What is a guitar pickup?

What is a guitar pickup?

A guitar pickup is one of those little rectangular things on the body of an electric guitar, directly under the strings. It will either be covered in a metal case, or in a plastic bobbin with some metal pole pieces or a bar magnet exposed.

What does it do?

A pickup is what makes an electric guitar electric. It takes the physical vibration of the string and turns it into an electric signal. With this key component, your amplifier and any effects you use then have a signal to shape and amplify.

Most electric guitars use magnetic guitar pickups. They consist of either a single magnet, or a magnet for each strings, each with thousands of turns of fine wire wrapped around it. When the strings are played, the vibration in the strings produce a corresponding vibration in the magnet’s magnetic field, which then induces a vibrating current in the coiled wires.

guitar-pickup-types

Guitar Pickup Types

Single coil pickups

The first type of pickups were single coil pickups, which as the name suggests consists of a single coil for each string.

These have a very clear bell-like tone, but are prone to noise and interference, because as well as picking up the change in the magnetic field from a moving string, they will pick up a change in the magnetic field from mains power, strong lights and so on.

This noise was not a big concern for many early guitarists, as their non-master volume amplifiers would produce a mostly clean tone, with the volume level of the noise being well below that of the sound of the strings being played.

With the advent of high gain amplifiers, overdrive, distortion, fuzz and compression pedals, the noise of single coil pickups became a much greater problem, as all of these things often made the noise much louder relative to the sound of the guitar being played.

Single coil pickups remain popular today with a lot of guitarists who either use a mostly clean tone, or who just don’t mind the hum.

Humbuckers

To get around the noise problem of single coil pickups, Seth Lover of the Gibson guitar company wired two pickups with reversed magnetic polarity electrically out of phase with each other.

This caused the noise hitting the coils to be cancelled out, while the signal induce by the vibration of the strings were added together.

These pickups were called Humbuckers, because they “buck the hum”.

They are useful for players who use a lot of overdrive, or those who need their guitar to be silent during quiet sections of music. Humbuckers typically have a darker, raunchier sound than single coil pickups.

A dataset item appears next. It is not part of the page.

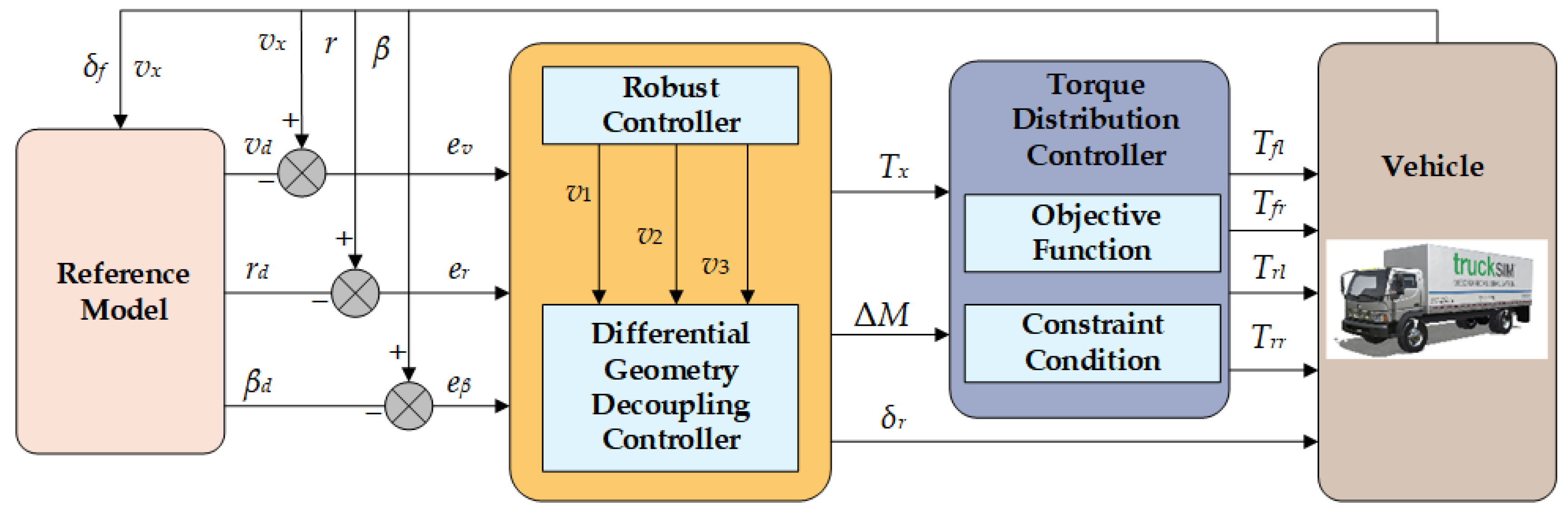 The ideal reference model takes vehicle speed and front-wheel steering angle from the TruckSim driver model as inputs to calculate the desired yaw rate and center-of-mass sideslip angle. The upper-layer robust controller receives deviations between actual vehicle states (speed, sideslip angle, and yaw rate) and their reference values, then computes longitudinal, lateral, and yaw motion control laws through the controller. The middle layer performs differential geometry-based decoupling control, using the control laws from the robust controller as virtual inputs to resolve the 3-DOF nonlinear system into total driver demand torque, rear-wheel steering angle, and additional yaw moment. For torque distribution, the lower layer applies a constrained optimal allocation method to calculate wheel torques based on additional yaw moment and total demand torque. Finally, the rear-wheel steering angle and four-wheel torques are fed back to the TruckSim vehicle model, enabling the three state variables to track the reference model states and achieving stability control.

Active and passive pickups

Guitar pickups are typically passive – that is, they don’t require any power source, beyond the vibration of the strings.

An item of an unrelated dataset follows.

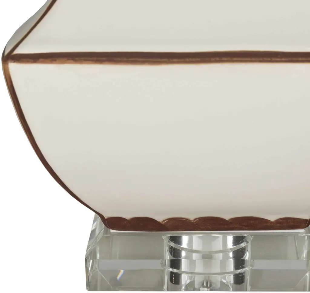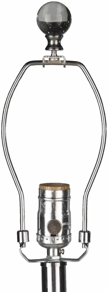 Collection: Tuka Colors: Tan, White, Clear, Metallic - Nickel Material: Body: Ceramic,Base: Crystal,Shade (Outside): Faux Silk,Shade (Inside): Polyester,Finial: Crystal Styles: Traditional Made In: China Lighting Type: Accent Table Lighting Base: Crystal Base Color: Clear Shade Material: Faux SilkPolyester Shade Color: Ivory Cord Length: 6' Switch Type: 3-Way Number of Bulbs: 1 Socket Type: E-26 Bulb Wattage: 100W

These guitar pickups provide a raw but consistent and punchy sound, with the extreme highs and lows somewhat attenuated.

Some guitar pickups use 1 or 2 9 volt batteries to amplify the signal, and provide a much lower impedance signal to the amplifier.

This makes for a much more full range, “hi-fi” sort of sound. Active pickups tend to be unpopular on guitar, but are much more common on bass guitar.

Non-magnetic pickups

Some electric guitars have a Piezoelectronic pickup, often just called a piezo. These pickups are mounted on the bridge.

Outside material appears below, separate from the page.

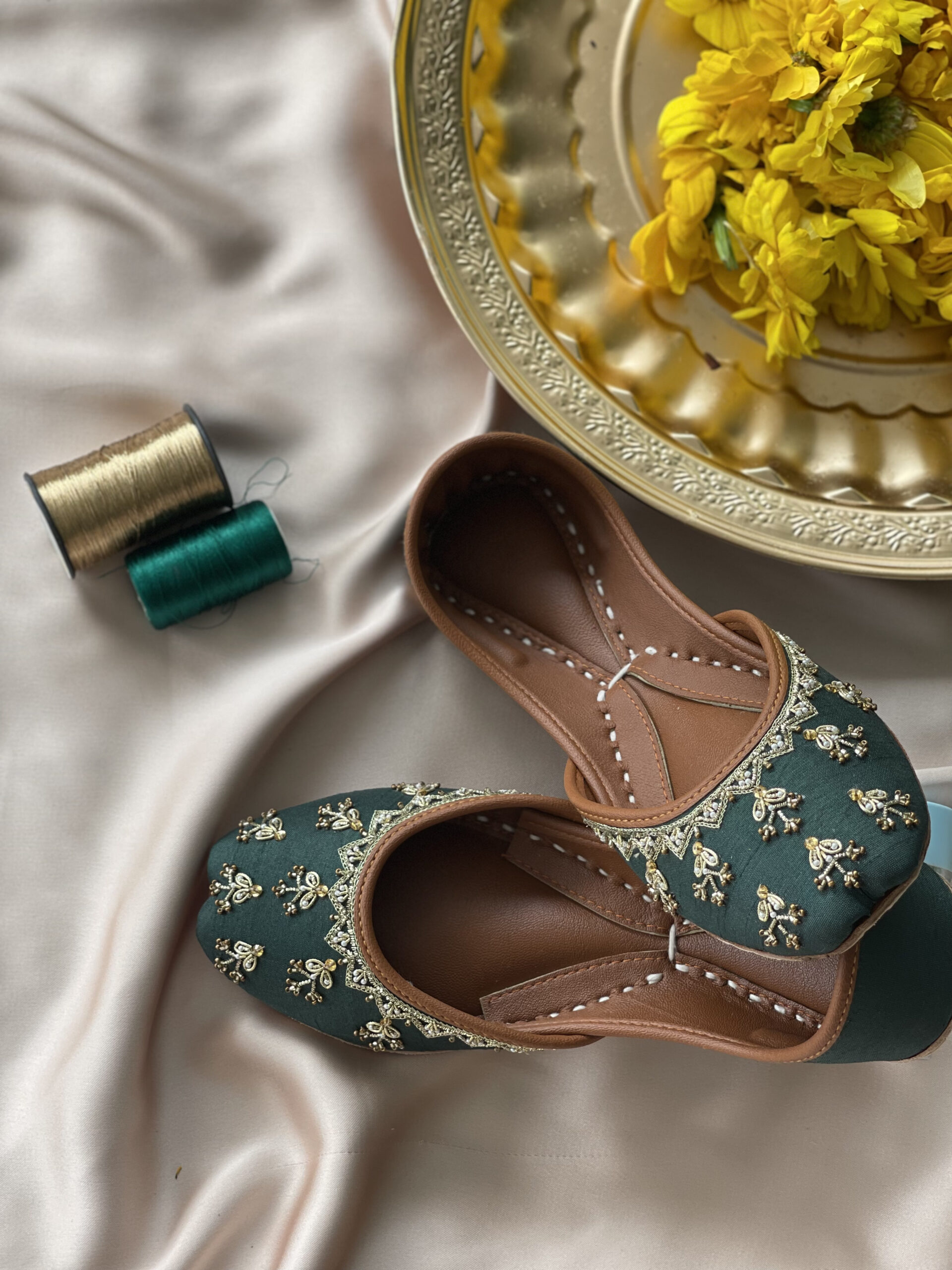 Morni our premium product, a zinc green hue adorned with golden thread and small pearl accents. This hand made decorative pair ensures comfortable and attire walking.Â

Piezo pickups are much more commonly found on acoustic guitar, and when on electrics they generally are found as an addition to regular magnetic pickups, rather than as a replacement for them.

Piezo pickups produce a sound similar to a steel string acoustic guitar, which makes them useful in live performance when an electric guitar player needs to play an acoustic part for a short section of a song.

By switching to the piezo system, the guitarist can play the acoustic part without having to change guitars, and can then change back just as easily.

Piezo pickups are designed to be attached to a full-range system, such as a PA, rather than a regular guitar amp.

There is another type of pickup known as an optical pickup, that works by sensing the effect on a light beam by the vibration of a string. It is not in common use.

Pickup positions

Guitar-Pickup-Positions

Guitar Pickup Positions

Some guitars have only one pickup, but more commonly they will have 2 or 3.

The pickup closest to the bridge is known as the bridge pickup, while the one closest to the neck is called the neck pickup.

On a 3 pickup guitar, the one in the middle is known as the middle pickup. Pretty easy huh? 

The position of the pickup has a big effect on the tone it produces. The bridge pickup will sound brighter and edgier, while the neck pickup is darker and more mellow. 

The middle pickup will have a sound in between the two. Many guitars will have different types of pickups in each position, further changing the sound of each position.